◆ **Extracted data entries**
====

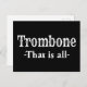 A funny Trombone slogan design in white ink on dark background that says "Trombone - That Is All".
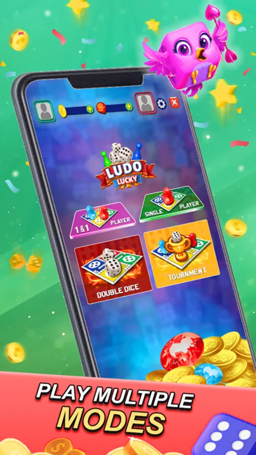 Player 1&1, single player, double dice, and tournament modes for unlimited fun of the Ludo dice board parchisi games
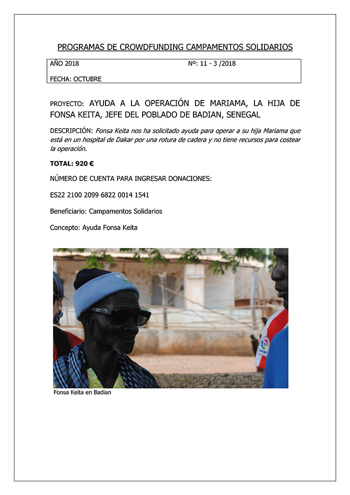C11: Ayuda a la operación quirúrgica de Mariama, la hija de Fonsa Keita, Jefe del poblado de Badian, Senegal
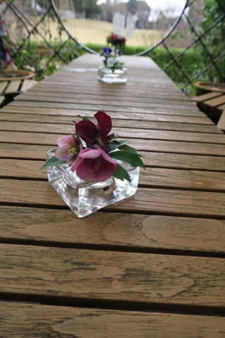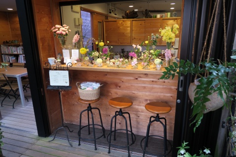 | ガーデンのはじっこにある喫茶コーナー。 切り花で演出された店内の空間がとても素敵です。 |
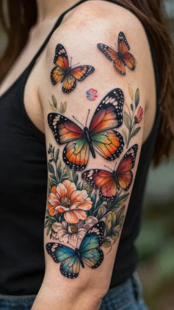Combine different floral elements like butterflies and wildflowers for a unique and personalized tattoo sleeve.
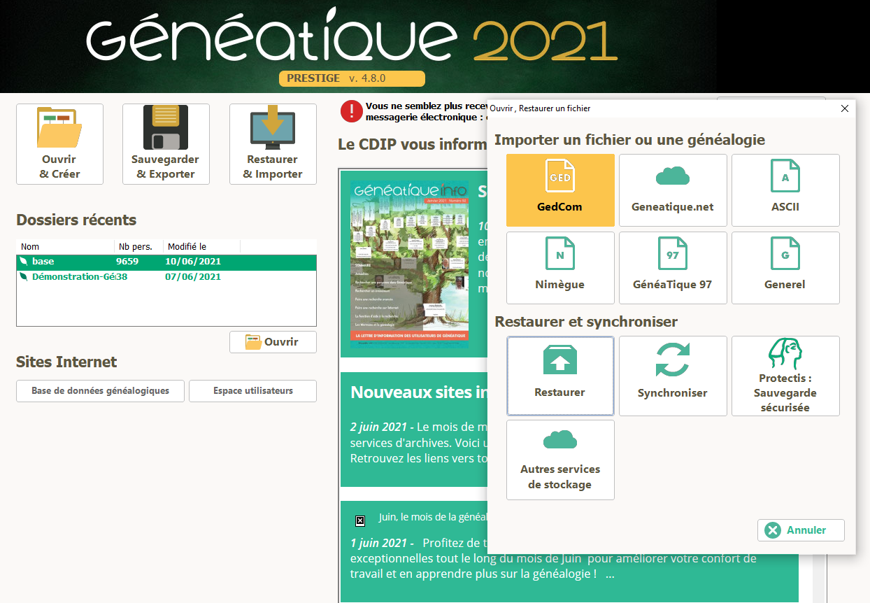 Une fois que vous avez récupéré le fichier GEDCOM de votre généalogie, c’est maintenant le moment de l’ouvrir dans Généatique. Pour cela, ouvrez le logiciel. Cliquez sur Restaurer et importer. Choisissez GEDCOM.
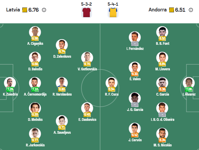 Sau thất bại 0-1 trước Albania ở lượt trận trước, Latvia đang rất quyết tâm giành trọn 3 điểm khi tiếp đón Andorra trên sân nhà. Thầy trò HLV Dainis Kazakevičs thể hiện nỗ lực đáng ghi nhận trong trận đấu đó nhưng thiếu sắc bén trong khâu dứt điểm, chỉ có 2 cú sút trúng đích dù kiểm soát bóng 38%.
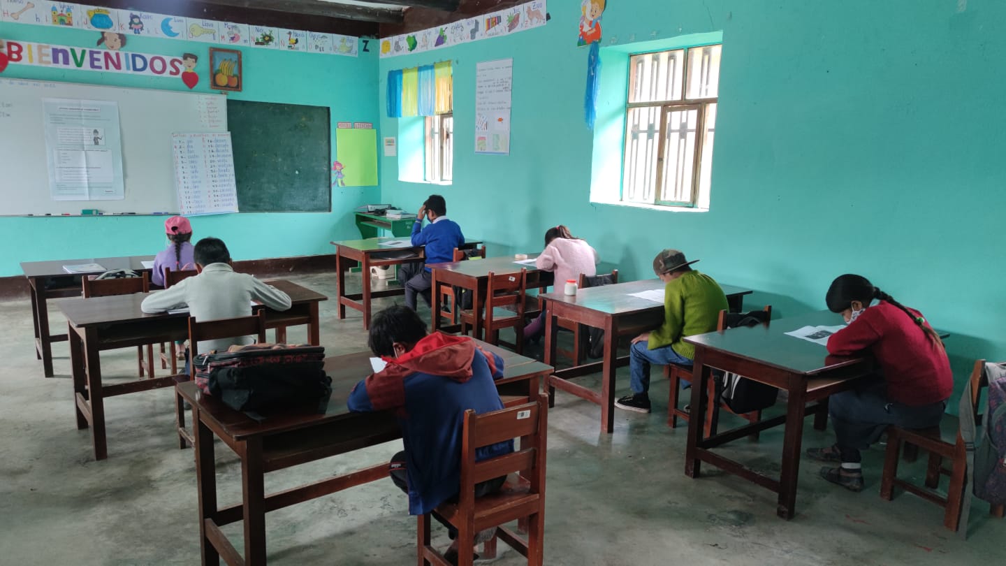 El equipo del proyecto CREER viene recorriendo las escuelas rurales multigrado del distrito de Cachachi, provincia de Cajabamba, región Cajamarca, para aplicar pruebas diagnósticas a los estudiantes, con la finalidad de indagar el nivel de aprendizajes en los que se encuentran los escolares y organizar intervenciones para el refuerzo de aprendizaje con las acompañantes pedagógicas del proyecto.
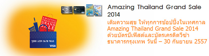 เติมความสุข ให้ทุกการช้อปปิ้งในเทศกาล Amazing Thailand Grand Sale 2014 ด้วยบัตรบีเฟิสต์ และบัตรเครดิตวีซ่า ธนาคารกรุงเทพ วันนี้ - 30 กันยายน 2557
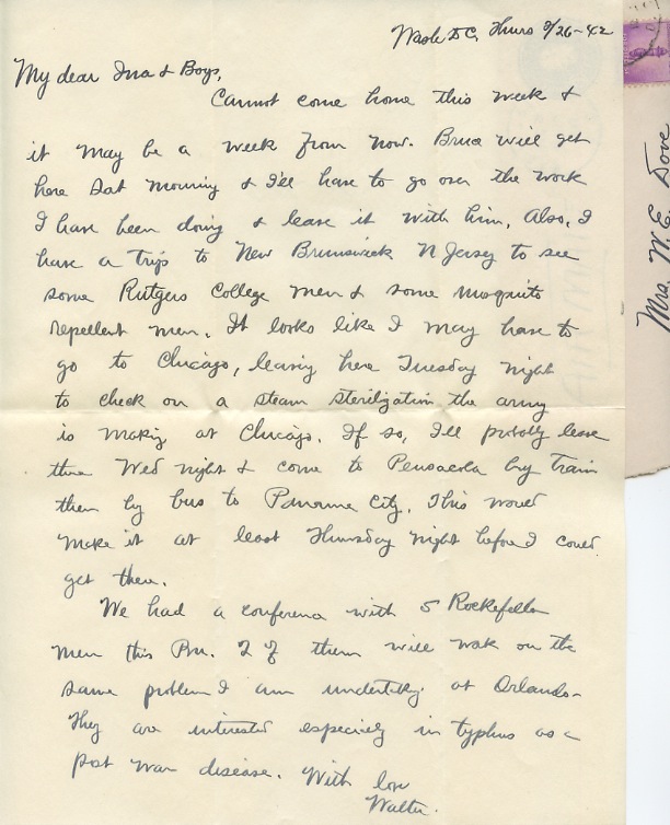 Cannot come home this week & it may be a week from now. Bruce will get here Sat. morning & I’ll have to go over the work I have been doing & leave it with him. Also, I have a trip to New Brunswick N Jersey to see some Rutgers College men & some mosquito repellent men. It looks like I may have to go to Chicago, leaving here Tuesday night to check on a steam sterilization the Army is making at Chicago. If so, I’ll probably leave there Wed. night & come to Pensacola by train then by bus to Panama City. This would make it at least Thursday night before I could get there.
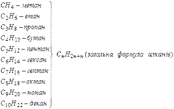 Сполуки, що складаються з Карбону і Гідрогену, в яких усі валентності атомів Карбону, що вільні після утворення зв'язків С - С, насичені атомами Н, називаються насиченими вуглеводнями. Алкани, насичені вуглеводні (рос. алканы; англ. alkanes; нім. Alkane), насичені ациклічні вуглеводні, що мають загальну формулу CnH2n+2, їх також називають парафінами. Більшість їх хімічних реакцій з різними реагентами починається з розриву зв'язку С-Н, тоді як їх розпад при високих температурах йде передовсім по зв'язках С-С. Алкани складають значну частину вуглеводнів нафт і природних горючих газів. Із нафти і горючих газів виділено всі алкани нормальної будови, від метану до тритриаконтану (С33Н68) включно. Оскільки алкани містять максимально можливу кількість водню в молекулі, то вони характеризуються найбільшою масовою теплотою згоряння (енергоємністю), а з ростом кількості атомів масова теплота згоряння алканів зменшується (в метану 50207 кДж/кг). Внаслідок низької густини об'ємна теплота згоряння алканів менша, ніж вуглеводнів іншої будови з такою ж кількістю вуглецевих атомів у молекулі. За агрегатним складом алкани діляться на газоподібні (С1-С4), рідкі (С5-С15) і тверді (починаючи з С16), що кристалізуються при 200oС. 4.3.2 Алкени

====

◆ **Instructions for the task**
Reproduce, word for word, every line from the start of the records down to and including the line with "Player 1&1, single"; skip the pictures.

◆ **Response**
 A funny Trombone slogan design in white ink on dark background that says "Trombone - That Is All".
 Player 1&1, single player, double dice, and tournament modes for unlimited fun of the Ludo dice board parchisi games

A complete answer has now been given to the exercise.